The solution is to make the uplink port an untagged member of a second do-nothing VLAN, by convention VLAN 4093. With no other port in that VLAN, the uplink port should never send any untagged traffic.
(It may receive untagged traffic, depending on how the upstream switch is configured.)
People who are less lazy and more thorough than I am can take this to the next level: make a new do-nothing VLAN for each port (perhaps numbering from 4000 on up, so you can easily keep them straight). This creates complete isolation for unconfigured ports.
(I might do this if our Allied Telesyn switches could be configured
through some scriptable command-line tool. Slogging through the tedium
of their serial console menu interface or their web server thingy to do
this much work is, however, beyond me. In theory I could use expect or
the like to create my own command-line tool, but that would be a lot of
work, necessarily be somewhat fragile, and likely run like warmed-over
maple syrup (while being a lot less appetizing).)
Sidebar: so why not explicitly disable unconfigured ports?

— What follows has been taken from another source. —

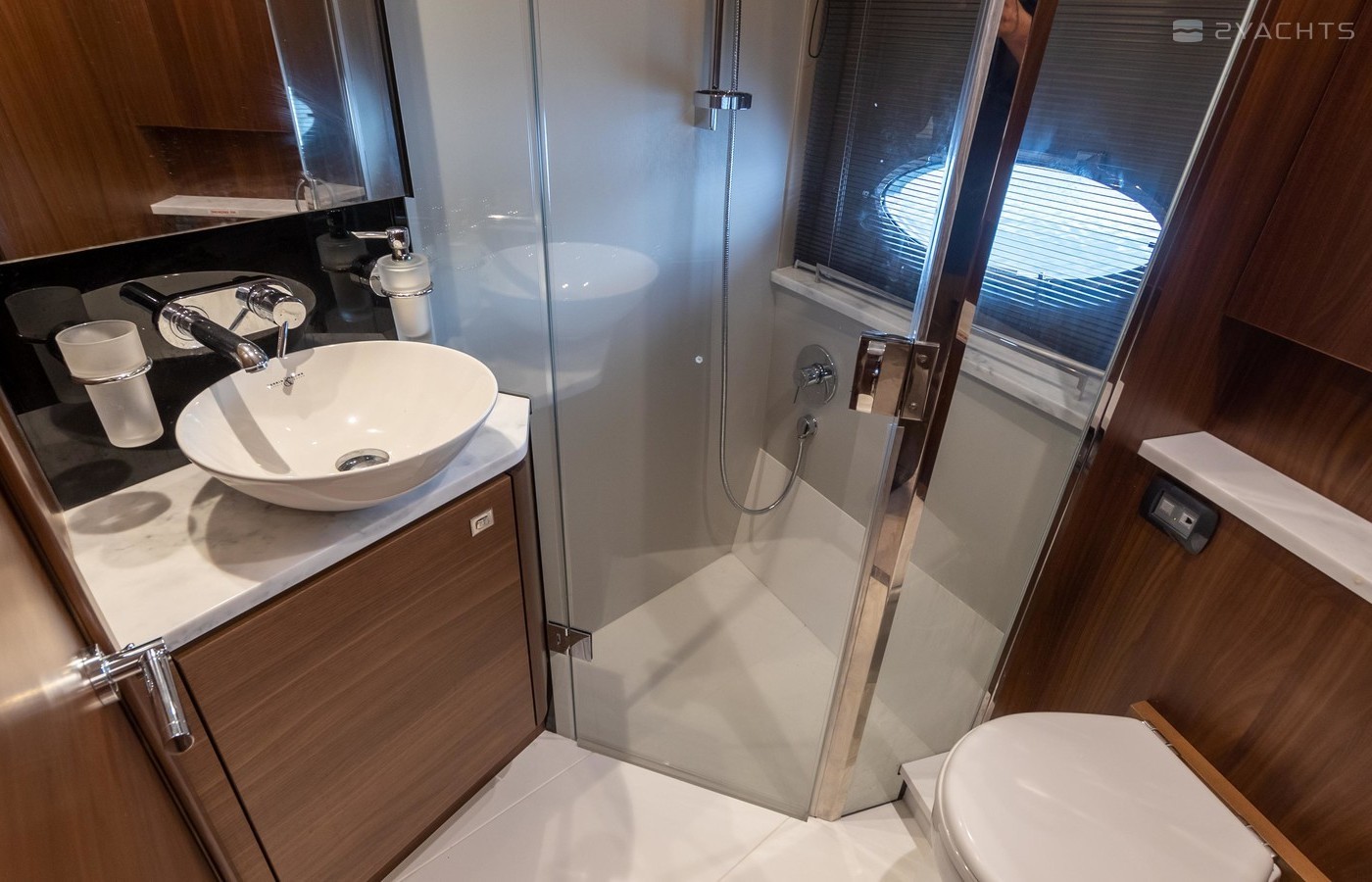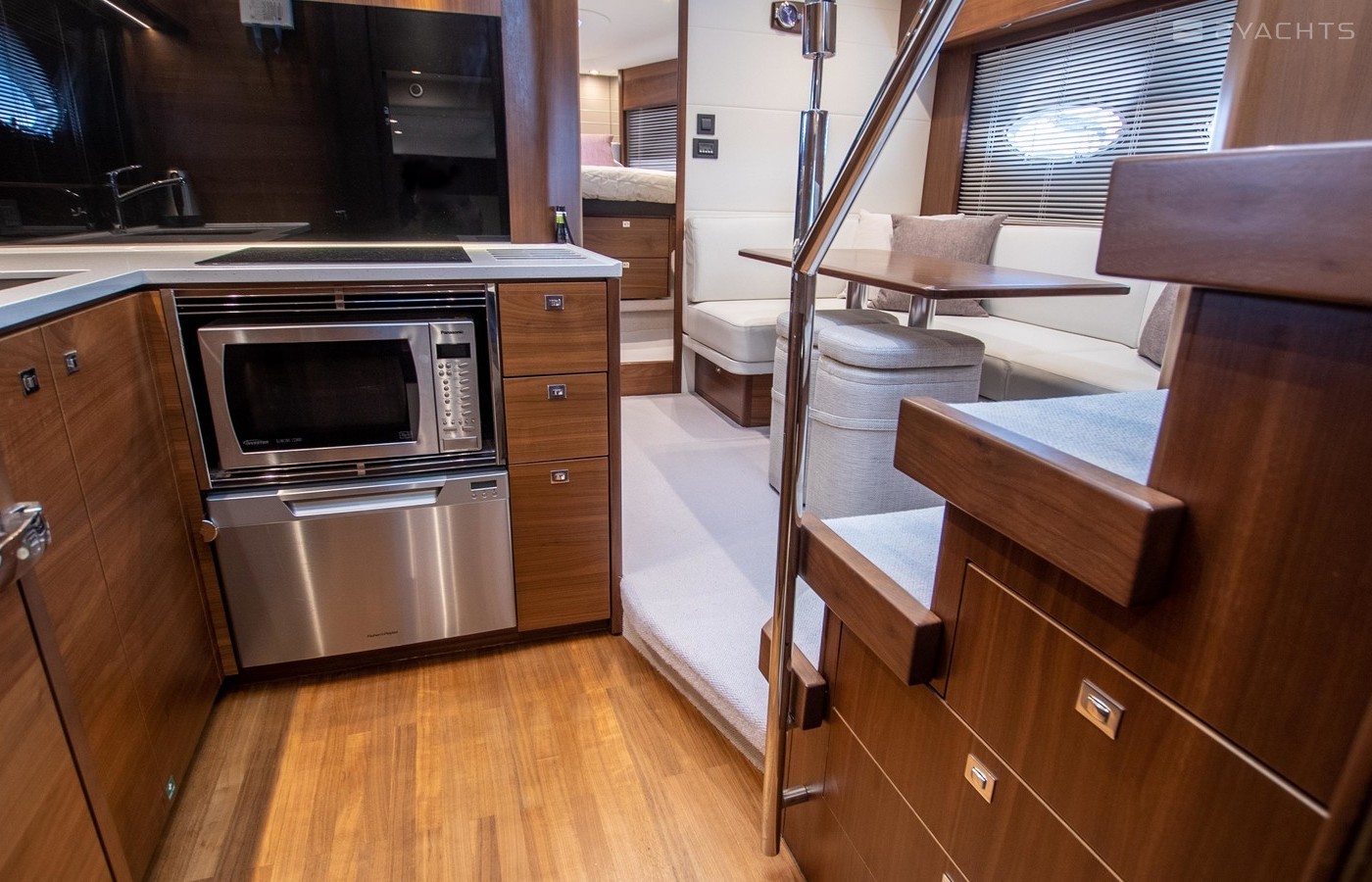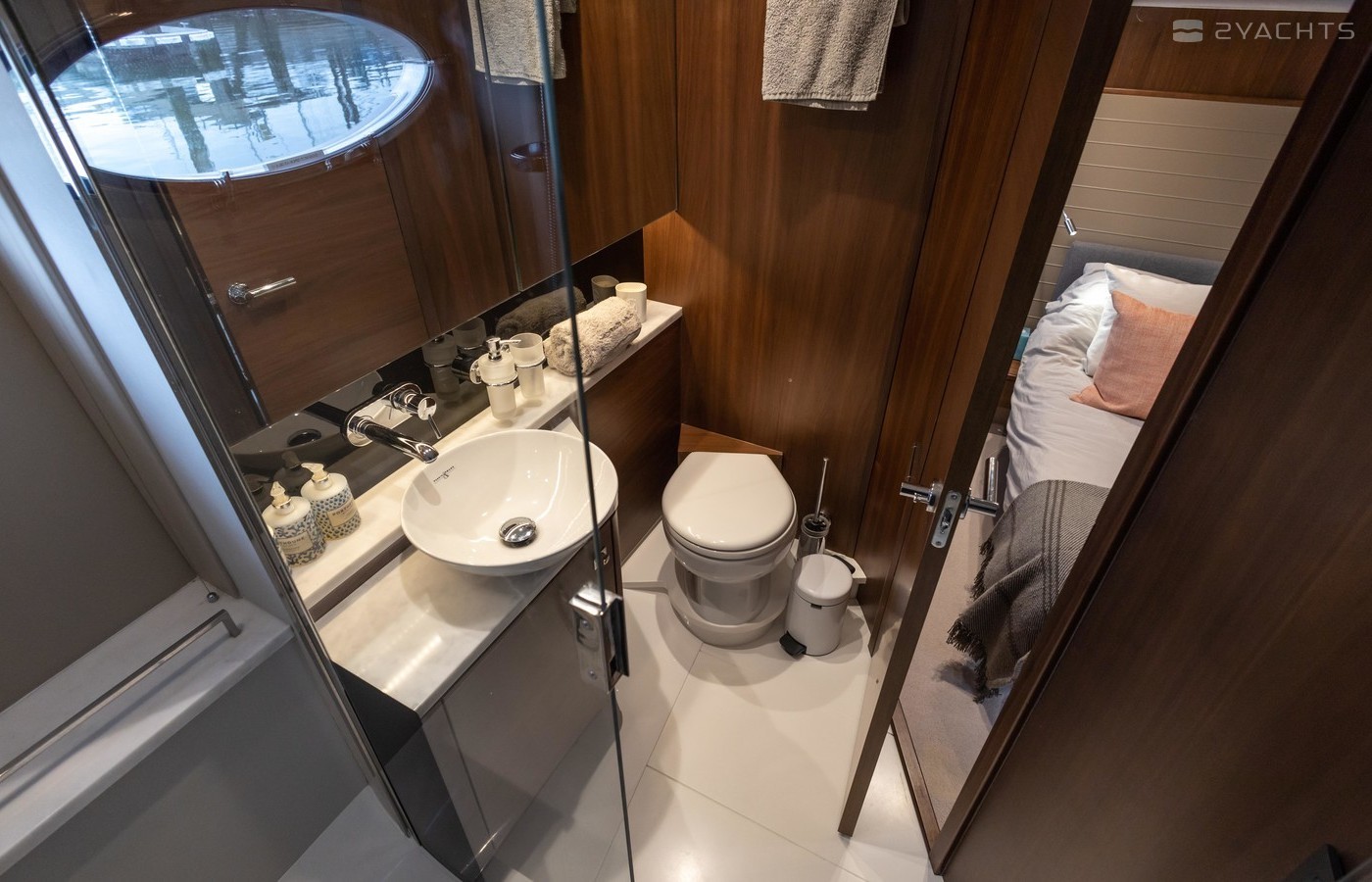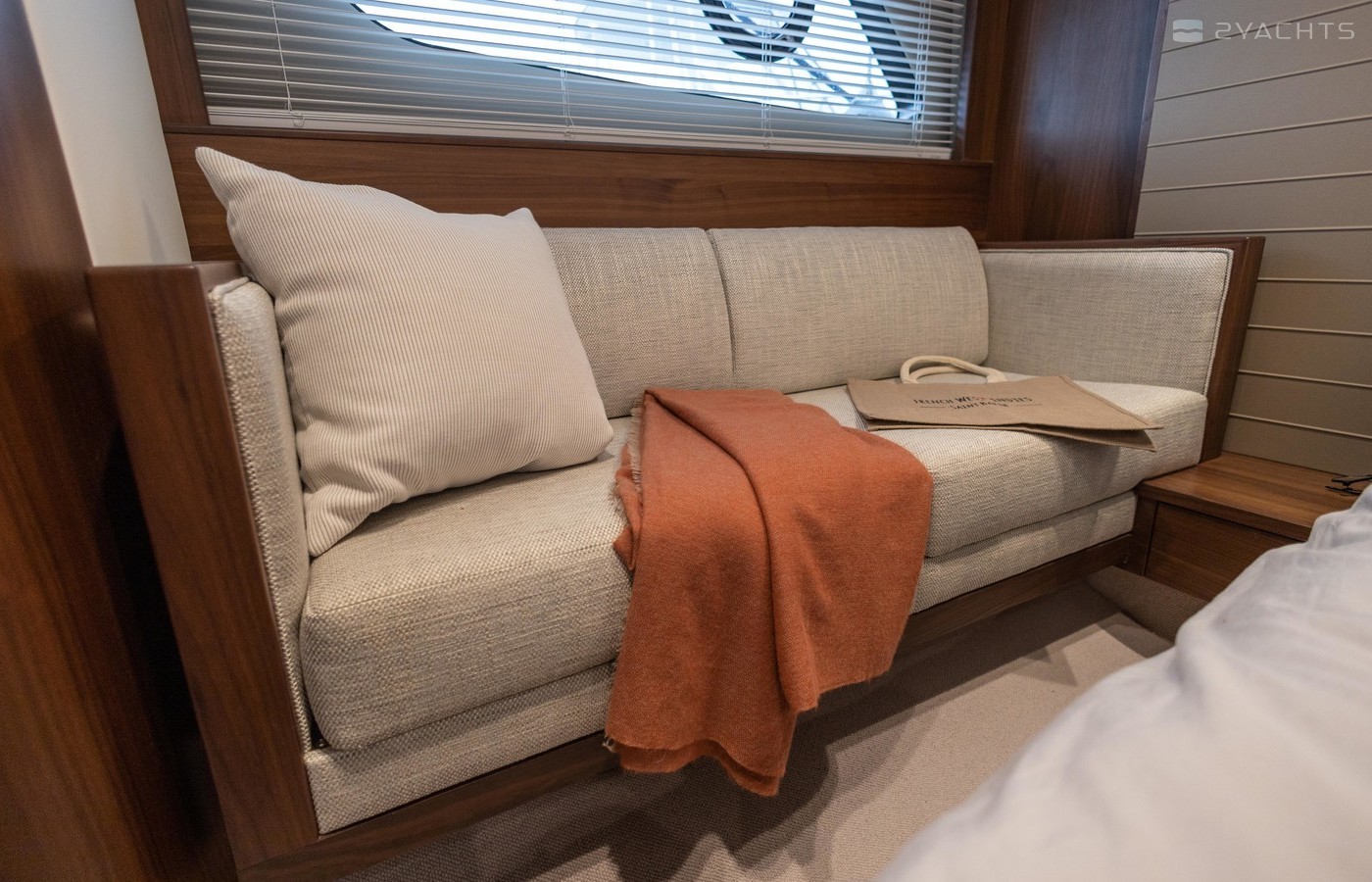 Twin Volvo IPS 600 435hp diesel engines • Volvo joystick control • White hull • Walnut interior woodwork, satin finish • Ice crystal white galley worktop • Raymarine e165 chart plotter and GPS • Raymarine p70r autopilot and rate gyro • Bow thruster • Onan 11kW diesel generator • Reverse cycle air-conditioning • Holding tank • Teak laid cockpit, foredeck and side decks • Cockpit wetbar with sink, electric BBQ and storage • Electro-hydraulic bathing platform • Cockpit sun awning

The simple answer is that it's too much make-work, because it means you have to touch two relatively widely separated areas of the switch's menu interface to turn up a port: you have to set its VLAN membership right, and then you have to remember to run off to a completely separate menu to actually turn it on. Forgetting to do one or the other will result in somewhat mysterious failures and a certain amount of annoyance.
(There's lots of reasons why a port might not come up when you plug something into it, such as a bad cable or something wonky on whatever you're using to test with.)
Since things only get plugged into unconfigured ports by accident anyways, I don't care that much and I'd rather avoid potential teeth-grinding mysteries.